When the Modern Library edition of Sherwood Anderson's Poor White was published in 1926, Sherwood Anderson wrote—a rare occasion in the Modern Library series—his own introduction to the novel. He wrote not for a new generation of readers but for those who had not read the book in the more than five years since its original publication. In the introduction, he talked frankly about Poor White as he had seen it while writing it, as the critics understood it when it appeared, and as he saw it five years later.
Earlier, in 1920, he had summed up his view of what he thought he had done in the novel in a letter to Jerome and Lucile Blum.
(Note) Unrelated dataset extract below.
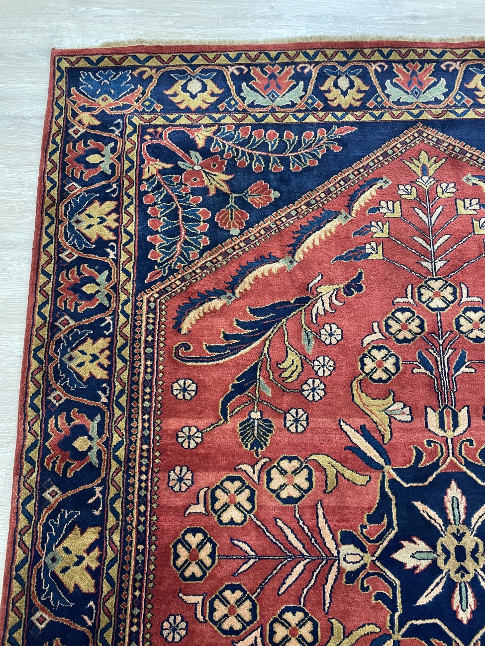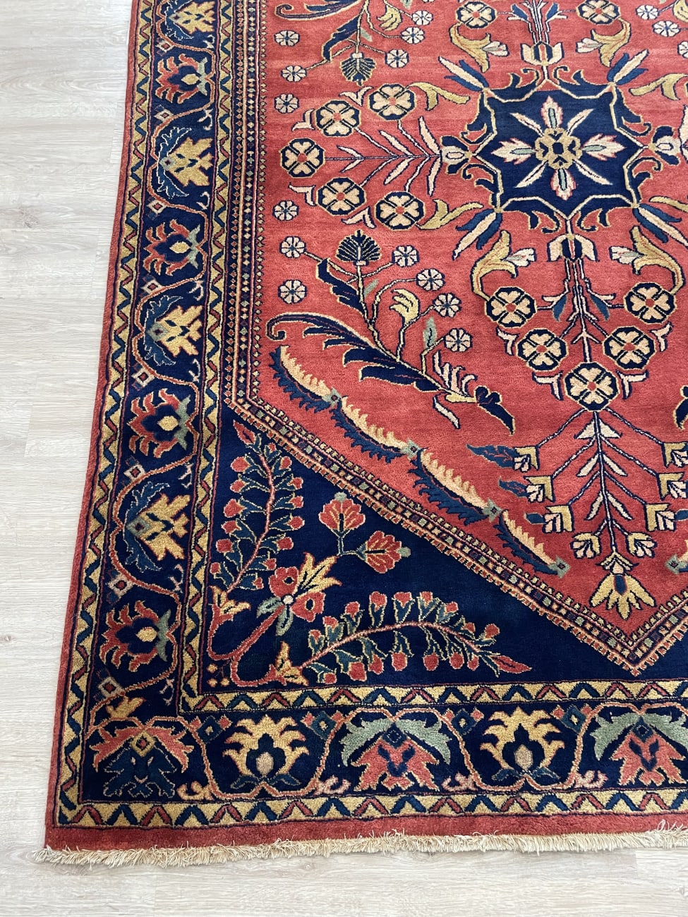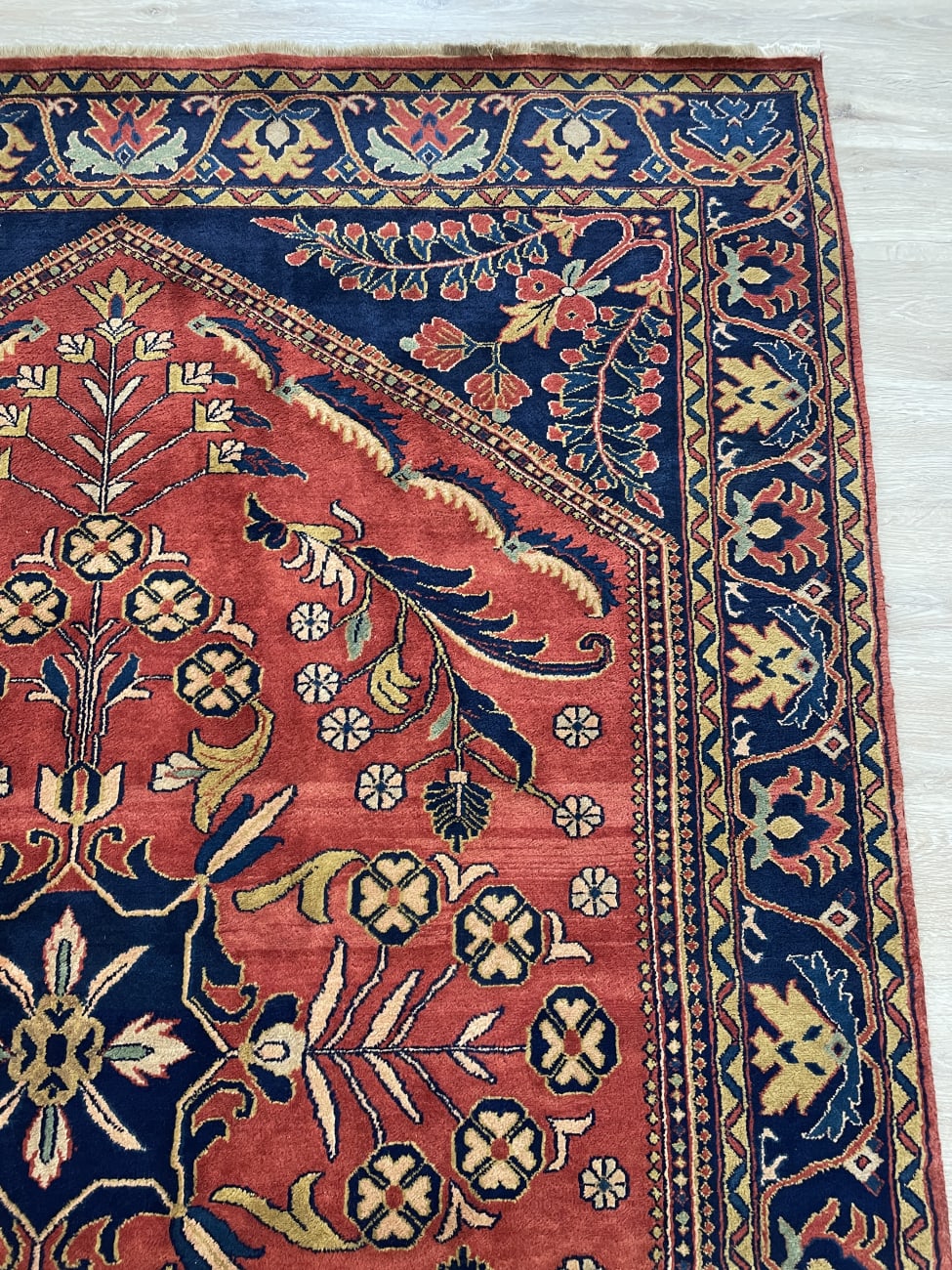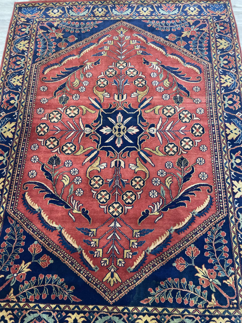 Kräftige Rottöne treffen auf tiefes Dunkelblau und feine florale Ornamente. Dieser Vintage Orientteppich zeigt ein zentrales Medaillon mit symmetrischem Pflanzenmotiv und einer detailreichen Bordüre. Die dichte Musterung wirkt aus jedem Blickwinkel ausgewogen und bringt sofort Wärme in den Raum.

At that time he wrote “The new novel [Poor White], out in October, will, I hope, build up the country about Winesburg, sweep Winesburg into the modern industrial life, show what made it an Akron, Ohio.”
Five years later, however, he had undergone several major transitions in his life: he had abandoned Chicago, New York, and New Orleans for the hill country of western Virginia, divorced Tennessee Mitchell and married Elizabeth Prall, and rejected the spirit of liberation that a decade earlier he had thought was so important; furthermore, in that five years he had published two novels, two volumes of stories, and a volume of memoirs, and he had a fictionalized autobiography of his childhood ready for publication. From this new perspective, he began to review the experience of Modern Library publication, and then turned to the book itself:
There is this book, Poor White—now to be published in The Modern Library, tricked out in a new dress, going to call on new people. The Modern Library is something magnificent. Long rows of names—illustrious names. My book, Poor White, feels a little like a countryman going to live in a great modern sophisticated city.
The book becomes now—well, let us say a house in a vast city.
With this new perspective, from experience, from writing, from the Virginia hills, he saw that Poor White was not merely the biography of a town as it became an industrial city as he had written to the Blums, but that, like Winesburg, Ohio, it was primarily about people:
Who lives in the house?
I began reciting names … Jim Priest, the farm hand who admired General Grant … Rose McCoy, the school teacher … Hugh McVey … Clara Butterworth … Steve Hunter, an early Rotarian … Sara Shepard … Joe Wainsworth …
I tried to put down the things you did to each other and the people about you and what other people, what life itself did to you.
Earlier, when he finished the novel and tried to assess his accomplishment, he recognized now, he had seen the appearance of the novel rather than its reality, the town rather than its people:
There was a town in the state of Ohio. The town was really the hero of the book. After Poor White was published none of the critics spoke of that. What happened to the town was, I thought, more important than what happened to the people of the town.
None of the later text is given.